SUPPLIED ENTRIES Block Start

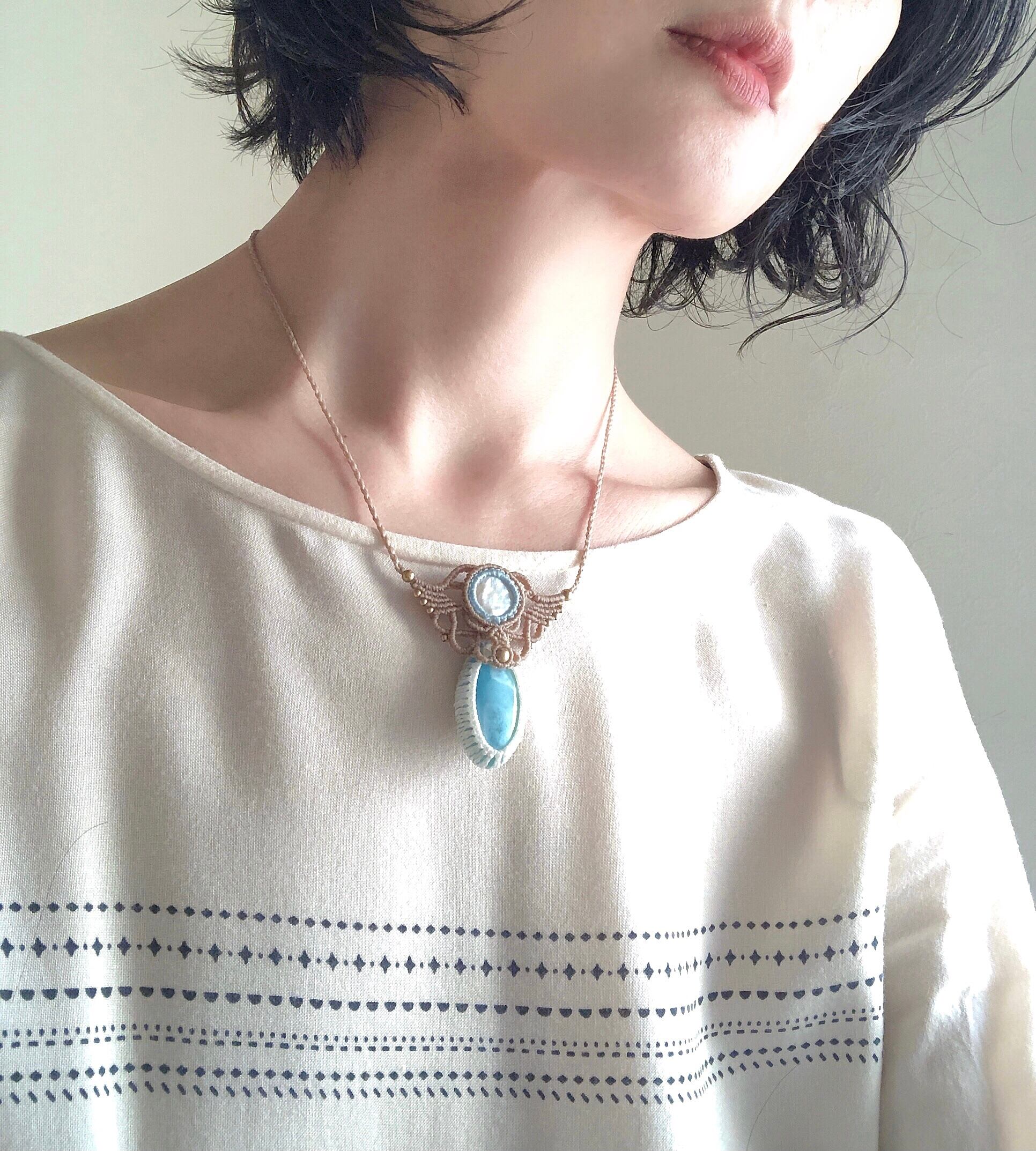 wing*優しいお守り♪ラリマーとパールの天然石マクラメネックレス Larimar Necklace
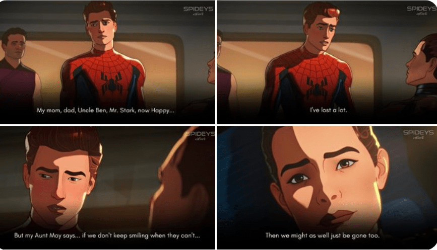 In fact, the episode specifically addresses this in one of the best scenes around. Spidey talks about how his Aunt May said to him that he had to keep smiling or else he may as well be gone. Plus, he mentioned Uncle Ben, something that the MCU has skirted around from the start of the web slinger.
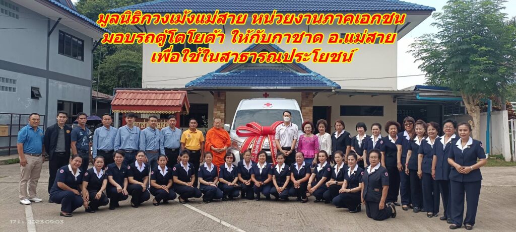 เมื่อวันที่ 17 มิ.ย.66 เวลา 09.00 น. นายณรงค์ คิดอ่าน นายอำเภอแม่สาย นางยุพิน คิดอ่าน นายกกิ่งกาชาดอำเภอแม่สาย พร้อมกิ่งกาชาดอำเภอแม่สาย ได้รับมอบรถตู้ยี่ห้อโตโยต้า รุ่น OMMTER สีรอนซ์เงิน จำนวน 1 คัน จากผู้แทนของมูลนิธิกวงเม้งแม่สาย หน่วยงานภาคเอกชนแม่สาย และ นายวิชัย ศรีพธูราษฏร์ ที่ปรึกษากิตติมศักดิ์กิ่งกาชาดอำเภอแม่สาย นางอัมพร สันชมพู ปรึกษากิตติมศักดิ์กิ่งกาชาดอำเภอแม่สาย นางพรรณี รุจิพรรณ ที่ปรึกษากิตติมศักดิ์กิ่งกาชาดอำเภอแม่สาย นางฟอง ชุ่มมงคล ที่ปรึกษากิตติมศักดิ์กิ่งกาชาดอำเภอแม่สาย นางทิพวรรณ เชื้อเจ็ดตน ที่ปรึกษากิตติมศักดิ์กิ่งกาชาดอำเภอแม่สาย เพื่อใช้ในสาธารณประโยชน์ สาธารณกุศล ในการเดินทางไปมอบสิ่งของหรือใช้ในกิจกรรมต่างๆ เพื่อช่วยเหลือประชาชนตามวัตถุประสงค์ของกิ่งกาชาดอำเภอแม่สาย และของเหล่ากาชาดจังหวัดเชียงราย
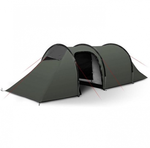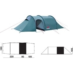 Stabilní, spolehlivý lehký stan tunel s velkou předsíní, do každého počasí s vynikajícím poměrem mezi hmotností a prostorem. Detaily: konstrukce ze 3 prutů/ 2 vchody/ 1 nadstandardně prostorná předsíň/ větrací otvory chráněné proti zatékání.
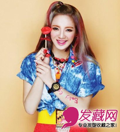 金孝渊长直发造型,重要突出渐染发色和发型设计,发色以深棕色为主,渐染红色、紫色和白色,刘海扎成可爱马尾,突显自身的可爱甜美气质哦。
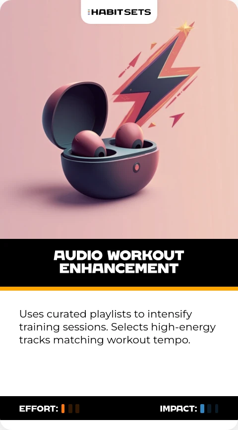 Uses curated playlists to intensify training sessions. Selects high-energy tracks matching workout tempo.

SUPPLIED ENTRIES Block End
SUPPLIED ENTRIES Block Start

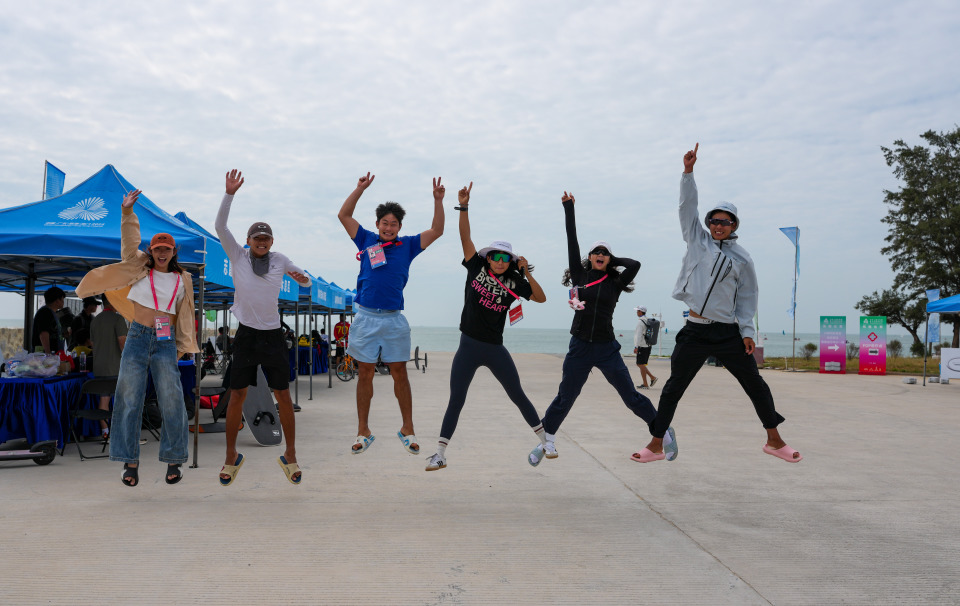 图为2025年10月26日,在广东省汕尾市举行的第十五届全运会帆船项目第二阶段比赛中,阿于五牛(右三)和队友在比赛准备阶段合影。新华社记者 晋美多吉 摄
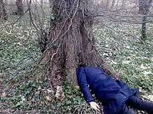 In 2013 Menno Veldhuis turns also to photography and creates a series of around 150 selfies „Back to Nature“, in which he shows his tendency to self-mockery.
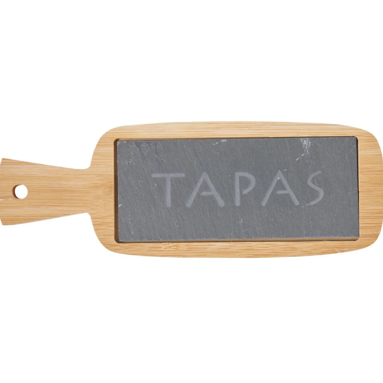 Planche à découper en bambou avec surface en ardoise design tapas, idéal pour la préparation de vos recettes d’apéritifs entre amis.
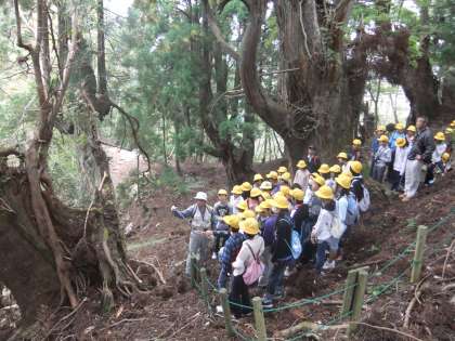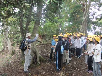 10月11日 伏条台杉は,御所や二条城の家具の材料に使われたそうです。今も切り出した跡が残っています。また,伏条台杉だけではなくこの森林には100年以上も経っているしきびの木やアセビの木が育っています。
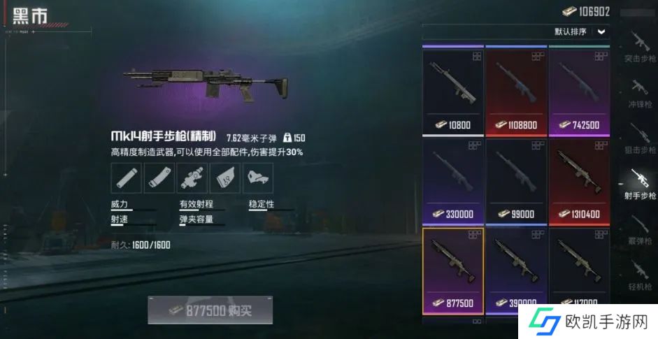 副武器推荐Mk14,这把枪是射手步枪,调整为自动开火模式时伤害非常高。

SUPPLIED ENTRIES Block End
SUPPLIED ENTRIES Block Start

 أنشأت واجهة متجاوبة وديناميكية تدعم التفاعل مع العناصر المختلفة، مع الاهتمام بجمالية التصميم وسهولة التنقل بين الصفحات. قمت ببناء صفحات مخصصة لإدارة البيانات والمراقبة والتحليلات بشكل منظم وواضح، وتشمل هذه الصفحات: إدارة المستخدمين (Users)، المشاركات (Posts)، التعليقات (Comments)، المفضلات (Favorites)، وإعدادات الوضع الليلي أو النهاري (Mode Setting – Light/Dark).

SUPPLIED ENTRIES Block End

### [REQUIRED WORK]
Leaving each picture behind, please give again exactly the lines above from the one with "10月11日 伏条台杉は,御" through the one with "副武器推荐Mk14,这把枪是射手步枪,调整为自动开火模式时伤害非常高。", both included, and no others.

### [WRITTEN REPLY]
 10月11日 伏条台杉は,御所や二条城の家具の材料に使われたそうです。今も切り出した跡が残っています。また,伏条台杉だけではなくこの森林には100年以上も経っているしきびの木やアセビの木が育っています。
 副武器推荐Mk14,这把枪是射手步枪,调整为自动开火模式时伤害非常高。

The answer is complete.